After these introductory comments, Schottlaender then moved on to more specific summaries of and comments about the morning speaker's presentations.
About Schonfeld's presentation: Not a criticism of Roger, but I find his data most appalling! In his presentation, Roger described a flip where academic libraries did a flip and became more interested in digital preservation and less interested in print. Possible reasons why (Schottlaender) thinks this might be so:
* big libraries think they've already done it for print?
* are more invested in digital technologies?
Also declining interest among faculty about print or print preservation.
Schottlaender thinks we should do a "Negative trigger event exercise" -- i.e. what if terrorism takes out the internet and we have no electronic journals? Could we recover?
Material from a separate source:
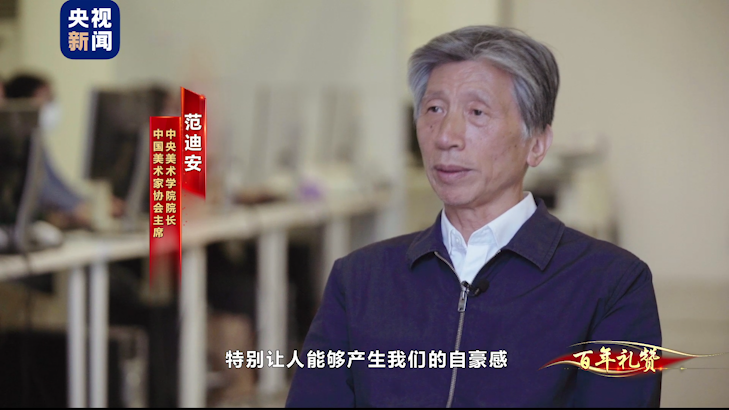 中国美术家协会主席、中央美术学院院长 范迪安:我们觉得从小小红船到巍巍巨轮,总书记讲的这句话特别让人能够产生我们的自豪感,特别富有历史的宽阔度,也特别具有从今天面向未来,走向未来的这种雄心壮志。
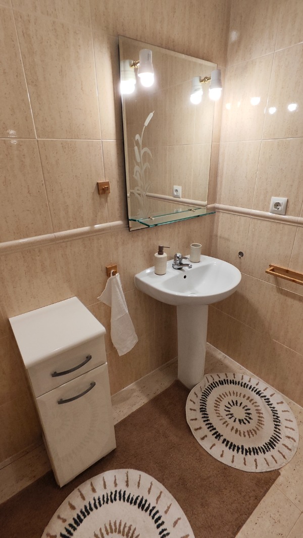 Apartmán má kúpelňu s vaňou a taktiež praktickú technickú časť s práčkou, vhodnú najmä pri dlhších pobytoch.

(Continuing to summarize): Constance spoke about the commonness of uniqueness. "Libraries uniquely manage commonly held materials, while not commonly managing unique materials."
This bothers (Schottlaender) -- especially because the average 13 copies of a serial -- we have tended to be complacent in the idea that lots of places have lots of copies.
But Jake talked about the disconnect between the preservation mission of libraries and the resources devoted to preservation, in large part because print is so durable and can withstand a fair amount of abuse.
Schottlaender noted that libraries tend to talk about preservation in a string of words along with "mom and apple pie" but there's a false sense of security there that we run the risk of falling afoul of.
He then opened it up for discussion.